Source data
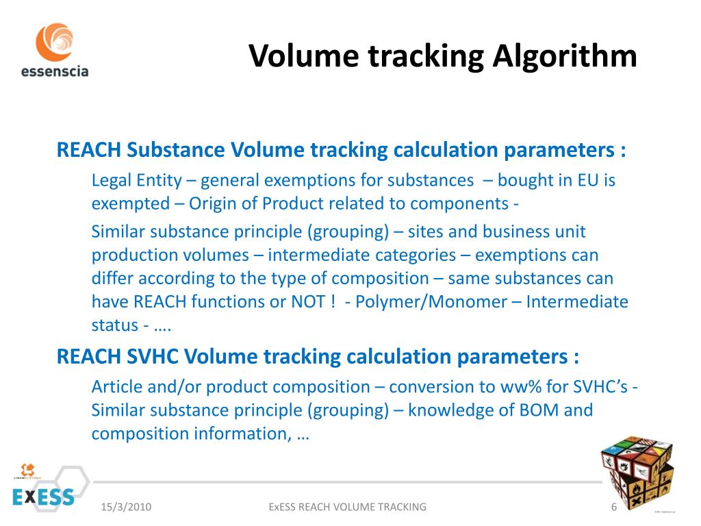 Volume tracking Algorithm ExESS REACH VOLUME TRACKING
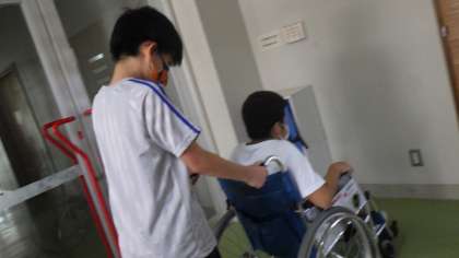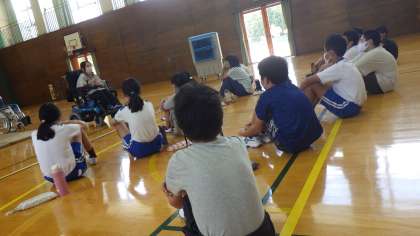 車いすに乗ると、普段何気なく使っている体育館にも危険箇所や走行が難しいところが見つかり、バリアフリーについて考えるきっかけとなりました。
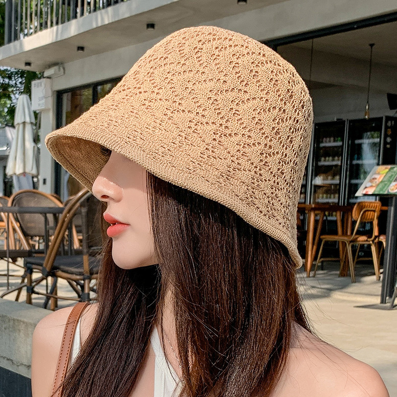 夏のファッションは透かし彫りのバケツの帽子を編みます。
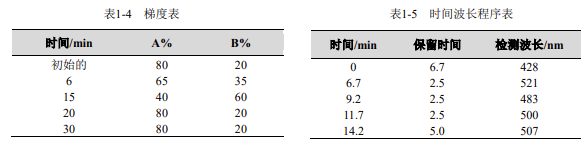 流動(dòng)相:A:0.02mol/L 乙酸銨溶液,B: 甲醇(梯度洗脫)
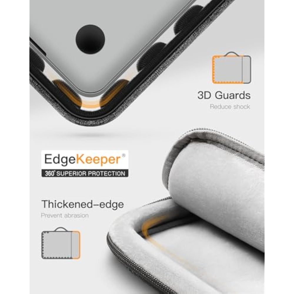 | Compatibility: The laptop sleeve compatible with 14-inch MacBook Pro/Max M4/M3/M2/M1 A3112/A2918 A2992 A2779 A2442 2023-2021, 13.5 inch Surface Laptop 6/5, Surface Book 3, 13.3 inch MacBook Air A1466 A1369, 13 inch MacBook Pro Retina A1502 A1425; 13 inch Macbook Pro/Air M2/M1 2010-2022. Internal dimensions 32.5 x 23 x 2 cm (12.8 x 9 x 0.8 in), external dimensions 35 x 25.5 x 4 cm (13.8 x 10 x 1.6 in). | | 360° Enhanced Protection: The interior thick protective strip can prevent the zipper from scratching the laptop. Plus the elastic shockproof cotton on the bottom and sides, the bag provides all-round protection. The soft flannel lining makes it scratch-resistant, dust-proof and shock-proof. | | Elastic Handle: The PU handle allows the bag to switch between a briefcase and a laptop sleeve. With the handle hidden, it is a laptop sleeve and you can put it into a backpack. With the handle up, it turns into a laptop briefcase. Perfect for anyone looking for a laptop bag, laptop sleeve, laptop case. | | Waterproof: The exterior is made of splashproof 600D polyester fabric to prevent accidental splashing on your device. | | Additional Storage: Besides the main compartment, there is a large front zipper pocket to store the power adapter, cables, mouse and other accessories conveniently. | |
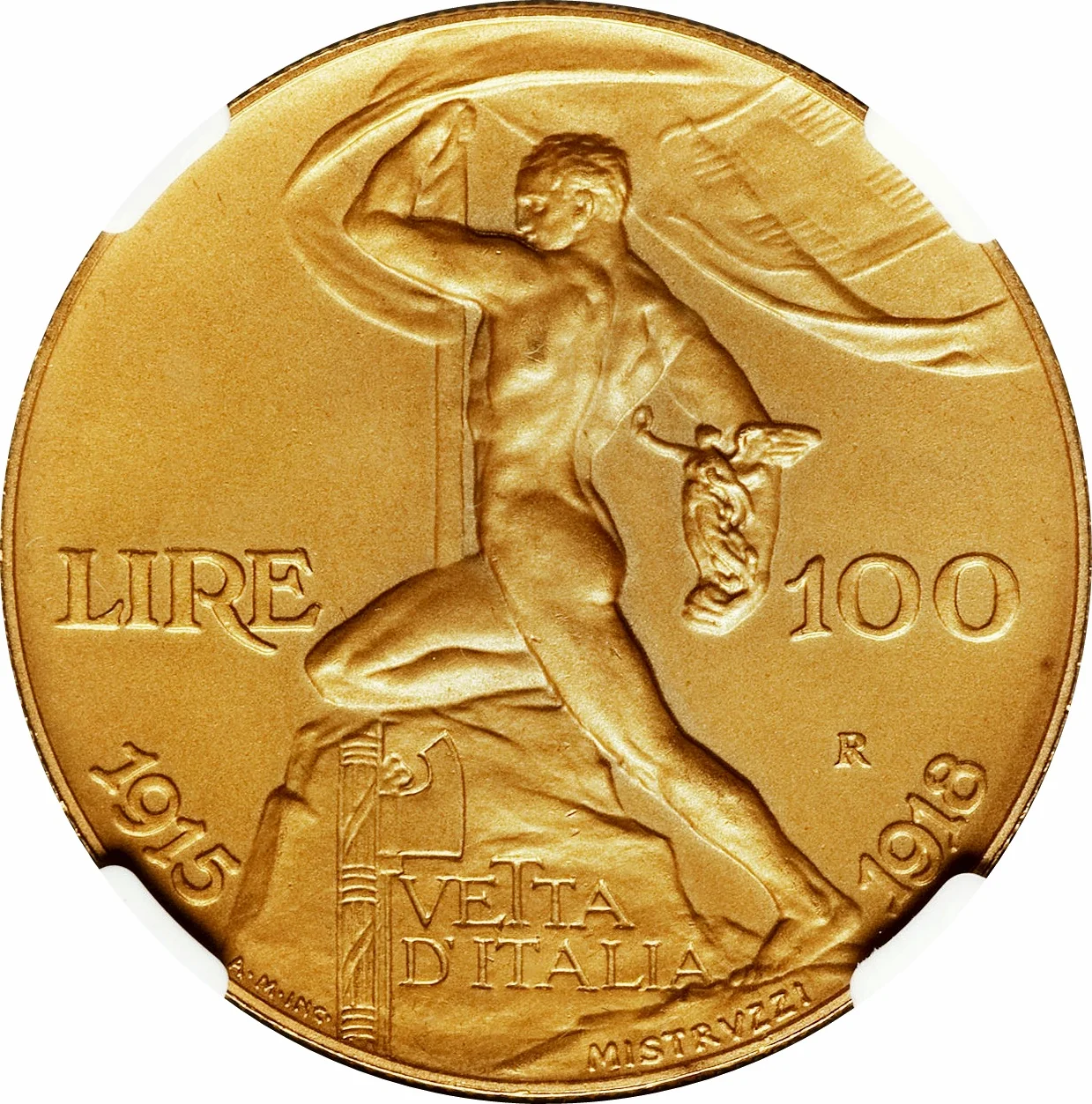 Description: A running man kneels on a rock, holding Italy's flag and a small winged Victory. The rock bears a carved fasces, "VETTA D'ITALIA", the author's name, and engraver's initials.
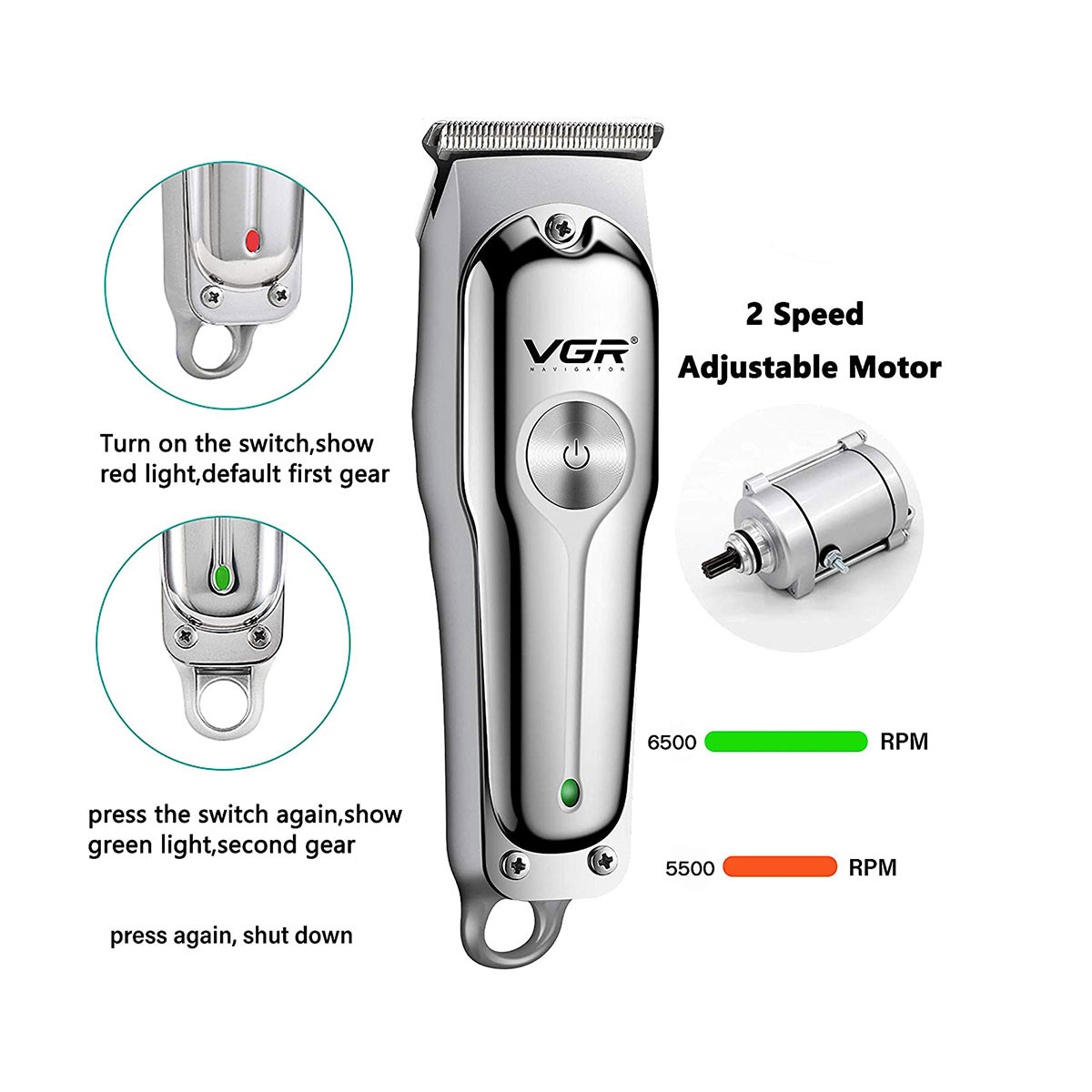 Hoja de acero al carbono, diseño compuesto de doble capa. La hoja de acero al carbono no atrapa el cabello y puede cuidar rápidamente de la cabeza calva, la gradación del recorte, la escultura y otros peinados. Cuerpo de la Maquina en PVC color Metalico lo cual la hace ligera y resistente.
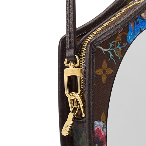어떤 스타일에도 동화 같은 감성을 선사해줄 LV 미러(LV Mirror). 생기 넘치는 플로럴 패턴의 시그니처 모노그램 캔버스 소재와 카우하이드 트리밍이 대비를 이루는 경쾌한 디자인. 탈착형 스트랩. 작은 필수품을 안전하게 보관할 수 있는 골드 색상의 지퍼형 잠금.
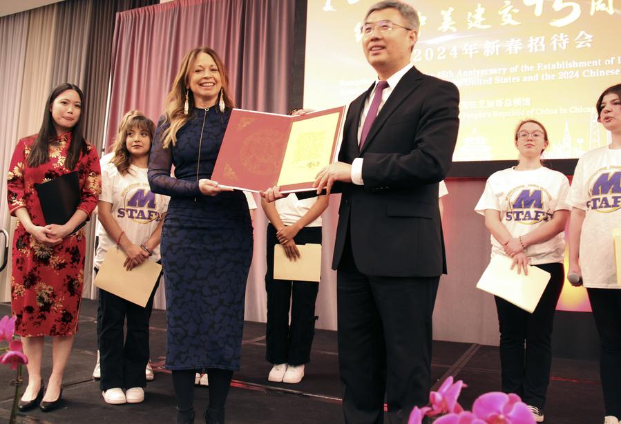 Chinese Consul General in Chicago Zhao Jian (R front) hands Jennifer Fridley, principal of Susan Clark Junior High of Muscatine Community School District, a letter from Chinese President Xi Jinping to the students of Muscatine High School at a reception marking the 45th anniversary of the establishment of China-U.S. diplomatic relations in Chicago, the United States, Feb. 27, 2024. (Xinhua/Xu Jing)
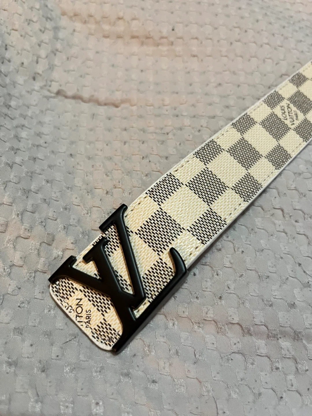 Selling a Louis Vuitton belt in the Damier Azur pattern. It's reversible with a tan leather on the other side. The buckle is black. It's in perfect condition
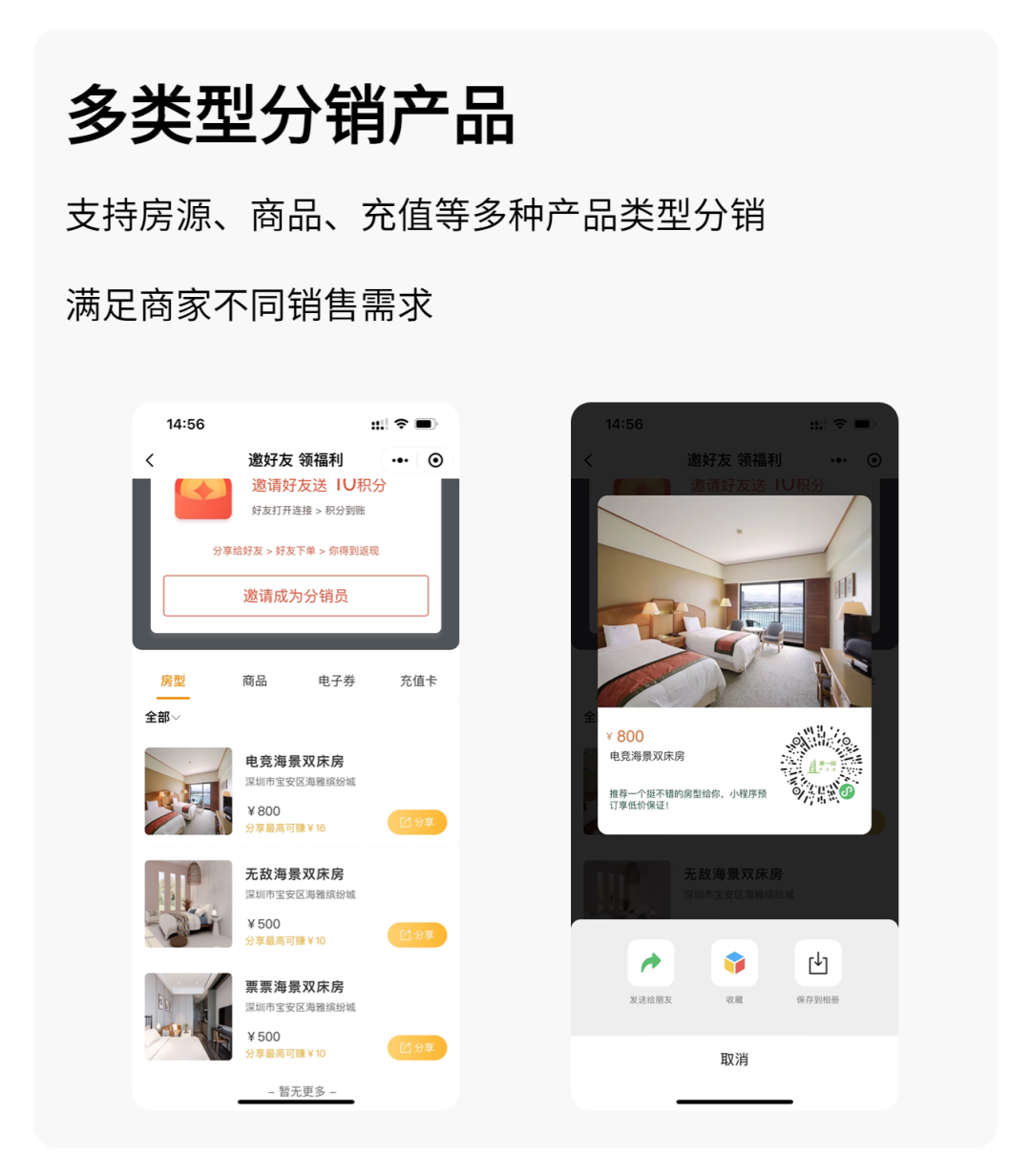 支持房源、商品、预售券、权益会员卡、礼品卡、路线研学、充值等多种产品类型分销,满足商家不同销售需求。
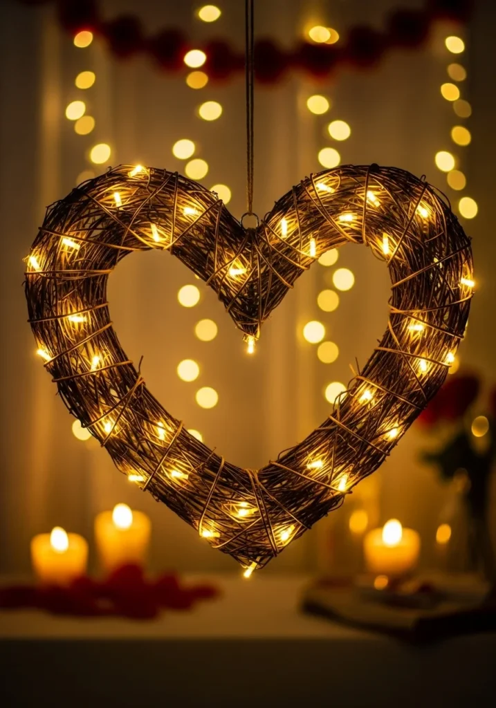 A heart-shaped garland combined with string lights creates a warm, glowing focal point for Valentine’s décor. The interplay of soft illumination and festive heart shapes instantly transforms any room into a romantic and inviting space. Draping the garland across mantels, windows, or walls adds both height and dimension.
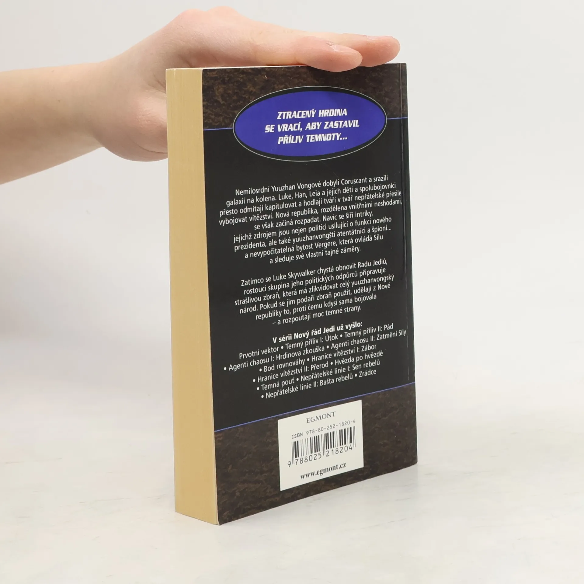 Ztracený hrdina se vrací, aby zastavil příliv temnoty... Nemilosrdní Yuuzhan Vongové dobyli Coruscant a srazili galaxii na kolena. Luke, Han, Leia a jejich děti a spolubojovníci přesto odmítají kapitulovat a hodlají tváří v tvář nepřátelské přesile vybojovat vítězství. Nová republika, rozdělena vnitřními neshodami, se však začíná rozpadat. Navíc se šíří intriky, jejichž zdrojem jsou nejen politici usilující o funkci nového prezidenta, ale také yuuzhanvongští atentátníci a špioni... a nevypočitatelná bytost Vergere, která ovládá Sílu a sleduje své vlastní tajné záměry. Zatímco se Luke Skywalker chystá obnovit Radu Jediů, rostoucí skupina jeho politických odpůrců připravuje strašlivou zbraň, která má zlikvidovat celý yuuzhanvongský národ. Pokud se jim podaří zbraň použít, udělají z Nové republiky to, proti čemu kdysi sama bojovala - a rozpoutají moc temné strany.

(Your objective) In the answer, the data should reappear exactly, with no pictures.

(Task solution)
 Volume tracking Algorithm ExESS REACH VOLUME TRACKING
 車いすに乗ると、普段何気なく使っている体育館にも危険箇所や走行が難しいところが見つかり、バリアフリーについて考えるきっかけとなりました。
 夏のファッションは透かし彫りのバケツの帽子を編みます。
 流動(dòng)相:A:0.02mol/L 乙酸銨溶液,B: 甲醇(梯度洗脫)
 | Compatibility: The laptop sleeve compatible with 14-inch MacBook Pro/Max M4/M3/M2/M1 A3112/A2918 A2992 A2779 A2442 2023-2021, 13.5 inch Surface Laptop 6/5, Surface Book 3, 13.3 inch MacBook Air A1466 A1369, 13 inch MacBook Pro Retina A1502 A1425; 13 inch Macbook Pro/Air M2/M1 2010-2022. Internal dimensions 32.5 x 23 x 2 cm (12.8 x 9 x 0.8 in), external dimensions 35 x 25.5 x 4 cm (13.8 x 10 x 1.6 in). | | 360° Enhanced Protection: The interior thick protective strip can prevent the zipper from scratching the laptop. Plus the elastic shockproof cotton on the bottom and sides, the bag provides all-round protection. The soft flannel lining makes it scratch-resistant, dust-proof and shock-proof. | | Elastic Handle: The PU handle allows the bag to switch between a briefcase and a laptop sleeve. With the handle hidden, it is a laptop sleeve and you can put it into a backpack. With the handle up, it turns into a laptop briefcase. Perfect for anyone looking for a laptop bag, laptop sleeve, laptop case. | | Waterproof: The exterior is made of splashproof 600D polyester fabric to prevent accidental splashing on your device. | | Additional Storage: Besides the main compartment, there is a large front zipper pocket to store the power adapter, cables, mouse and other accessories conveniently. | |
 Description: A running man kneels on a rock, holding Italy's flag and a small winged Victory. The rock bears a carved fasces, "VETTA D'ITALIA", the author's name, and engraver's initials.
 Hoja de acero al carbono, diseño compuesto de doble capa. La hoja de acero al carbono no atrapa el cabello y puede cuidar rápidamente de la cabeza calva, la gradación del recorte, la escultura y otros peinados. Cuerpo de la Maquina en PVC color Metalico lo cual la hace ligera y resistente.
어떤 스타일에도 동화 같은 감성을 선사해줄 LV 미러(LV Mirror). 생기 넘치는 플로럴 패턴의 시그니처 모노그램 캔버스 소재와 카우하이드 트리밍이 대비를 이루는 경쾌한 디자인. 탈착형 스트랩. 작은 필수품을 안전하게 보관할 수 있는 골드 색상의 지퍼형 잠금.
 Chinese Consul General in Chicago Zhao Jian (R front) hands Jennifer Fridley, principal of Susan Clark Junior High of Muscatine Community School District, a letter from Chinese President Xi Jinping to the students of Muscatine High School at a reception marking the 45th anniversary of the establishment of China-U.S. diplomatic relations in Chicago, the United States, Feb. 27, 2024. (Xinhua/Xu Jing)
 Selling a Louis Vuitton belt in the Damier Azur pattern. It's reversible with a tan leather on the other side. The buckle is black. It's in perfect condition
 支持房源、商品、预售券、权益会员卡、礼品卡、路线研学、充值等多种产品类型分销,满足商家不同销售需求。
 A heart-shaped garland combined with string lights creates a warm, glowing focal point for Valentine’s décor. The interplay of soft illumination and festive heart shapes instantly transforms any room into a romantic and inviting space. Draping the garland across mantels, windows, or walls adds both height and dimension.
 Ztracený hrdina se vrací, aby zastavil příliv temnoty... Nemilosrdní Yuuzhan Vongové dobyli Coruscant a srazili galaxii na kolena. Luke, Han, Leia a jejich děti a spolubojovníci přesto odmítají kapitulovat a hodlají tváří v tvář nepřátelské přesile vybojovat vítězství. Nová republika, rozdělena vnitřními neshodami, se však začíná rozpadat. Navíc se šíří intriky, jejichž zdrojem jsou nejen politici usilující o funkci nového prezidenta, ale také yuuzhanvongští atentátníci a špioni... a nevypočitatelná bytost Vergere, která ovládá Sílu a sleduje své vlastní tajné záměry. Zatímco se Luke Skywalker chystá obnovit Radu Jediů, rostoucí skupina jeho politických odpůrců připravuje strašlivou zbraň, která má zlikvidovat celý yuuzhanvongský národ. Pokud se jim podaří zbraň použít, udělají z Nové republiky to, proti čemu kdysi sama bojovala - a rozpoutají moc temné strany.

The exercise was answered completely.